- [Dataset records]
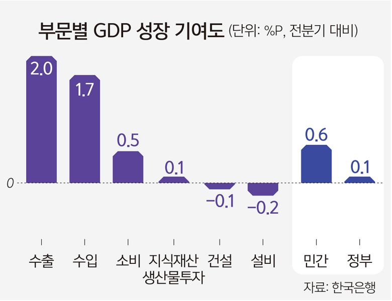 부문별로 내수가 0.4%포인트, 순수출(수출-수입)이 0.3%포인트 기여했다. 특히 내수 기여도는 1분기 -0.5%포인트에서 큰 폭으로 개선됐다. 내수 중에서도 승용차와 의료 서비스의 소비가 늘며 민간소비가 0.5% 증가했다. 정부소비는 건강보험급여비 지출을 중심으로 1.2% 늘었다. 수출은 미국 관세 여파에도 반도체와 석유·화학제품 등을 중심으로 4.5% 증가해 2020년 3분기 14.6% 상승 이후 최대 상승폭을 기록했다. 수입도 원유와 에너지류 등을 중심으로 4.2% 늘었다.
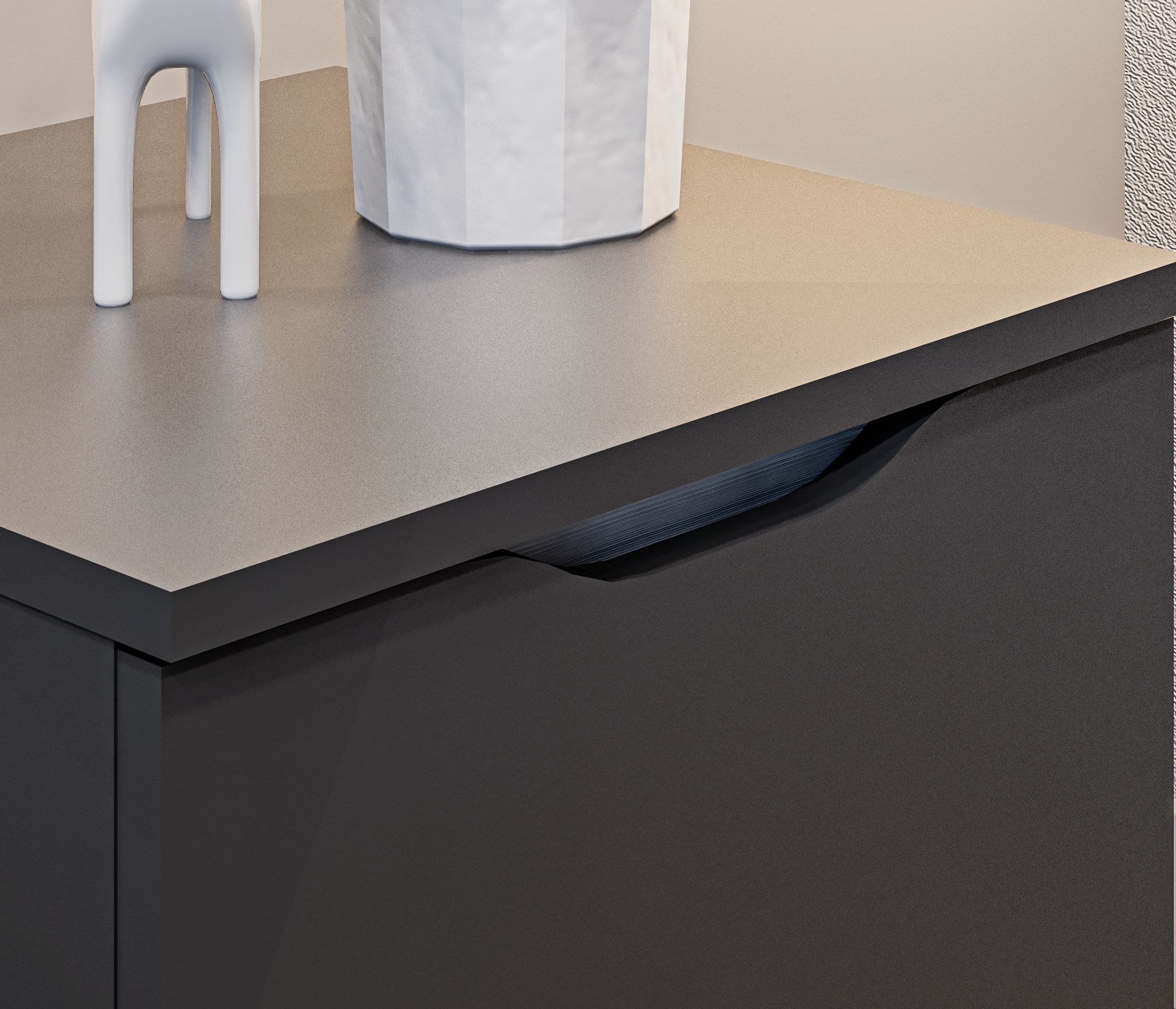 Тумба имеет компактные размеры: высота 532 мм, ширина 390 мм и глубина 393 мм, что позволяет ей идеально вписаться рядом с кроватью. Она предлагает удобное место для хранения предметов, которые хотите иметь под рукой во время сна.
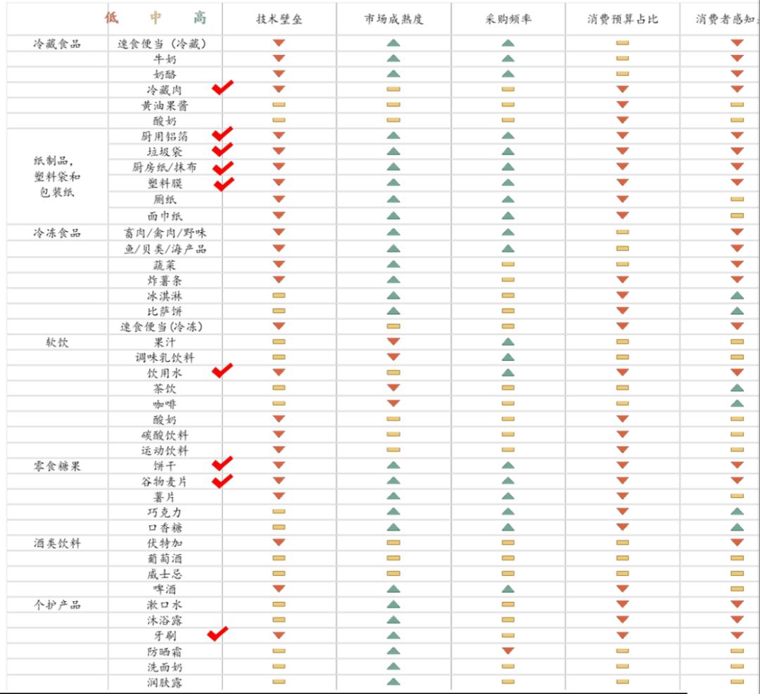 技术壁垒低,市场成熟,采购频繁,消费预算占比大,感知差异小的替代性产品成为自有品牌发展的主要切入点。
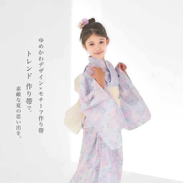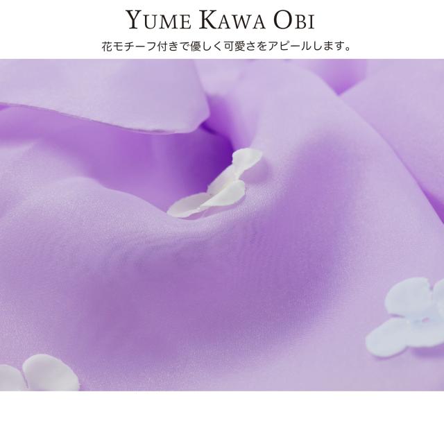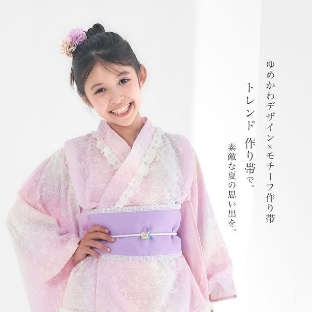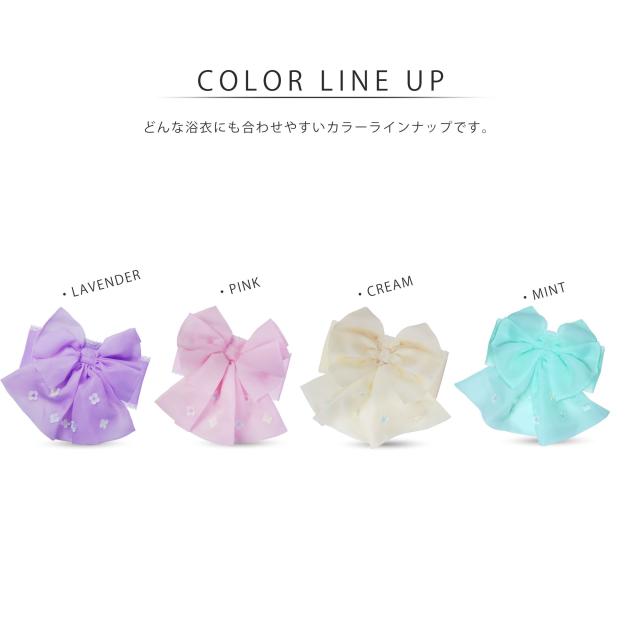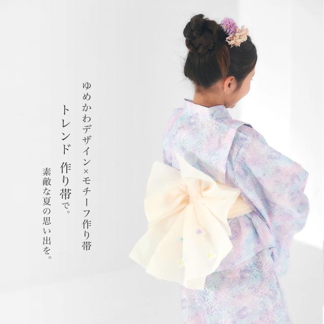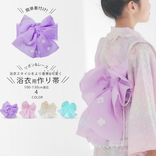 リボン&フラワーモチーフがかわいい 浴衣用 作り帯 兵児帯 選べる3色 黄色 クリーム ラベンダー 紫 ピンク
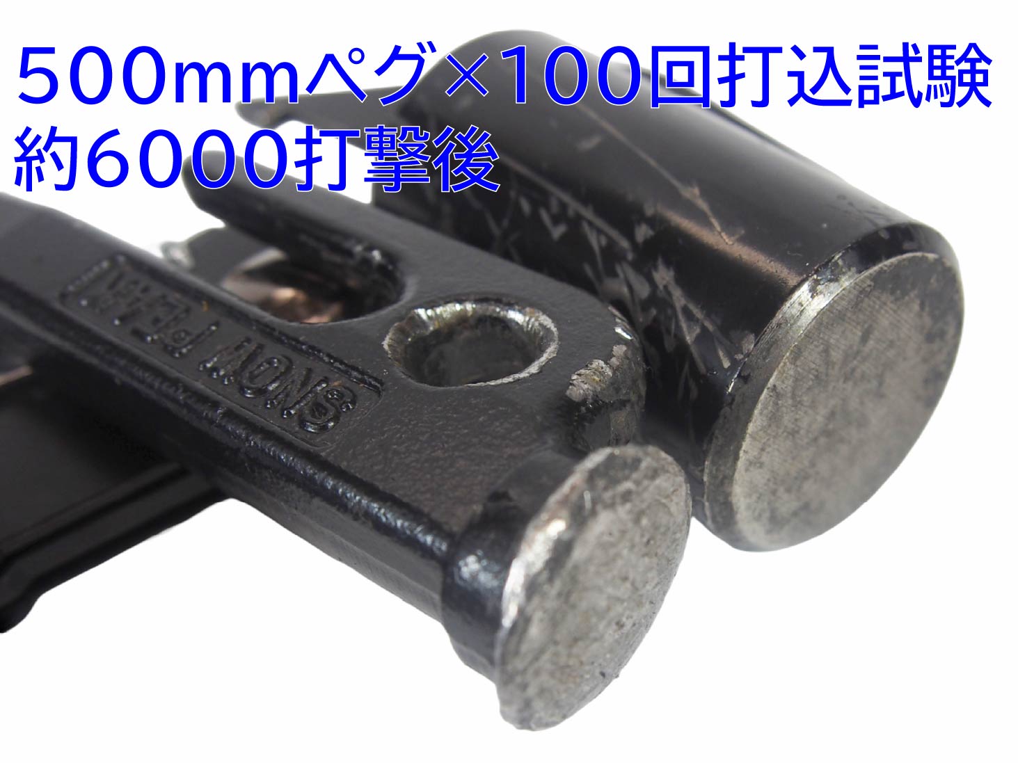 写真(下)は50cmペグ100回耐久試験(約6000打撃)後のハンマーとペグの実物写真となります(Pro Hammer Miniも同一材料・同一硬度となります)

- [Task to carry out]
All records must be output exactly as they are, except for the pictures, which are left out.

- [Solution to this problem]
 부문별로 내수가 0.4%포인트, 순수출(수출-수입)이 0.3%포인트 기여했다. 특히 내수 기여도는 1분기 -0.5%포인트에서 큰 폭으로 개선됐다. 내수 중에서도 승용차와 의료 서비스의 소비가 늘며 민간소비가 0.5% 증가했다. 정부소비는 건강보험급여비 지출을 중심으로 1.2% 늘었다. 수출은 미국 관세 여파에도 반도체와 석유·화학제품 등을 중심으로 4.5% 증가해 2020년 3분기 14.6% 상승 이후 최대 상승폭을 기록했다. 수입도 원유와 에너지류 등을 중심으로 4.2% 늘었다.
 Тумба имеет компактные размеры: высота 532 мм, ширина 390 мм и глубина 393 мм, что позволяет ей идеально вписаться рядом с кроватью. Она предлагает удобное место для хранения предметов, которые хотите иметь под рукой во время сна.
 技术壁垒低,市场成熟,采购频繁,消费预算占比大,感知差异小的替代性产品成为自有品牌发展的主要切入点。
 リボン&フラワーモチーフがかわいい 浴衣用 作り帯 兵児帯 選べる3色 黄色 クリーム ラベンダー 紫 ピンク
 写真(下)は50cmペグ100回耐久試験(約6000打撃)後のハンマーとペグの実物写真となります(Pro Hammer Miniも同一材料・同一硬度となります)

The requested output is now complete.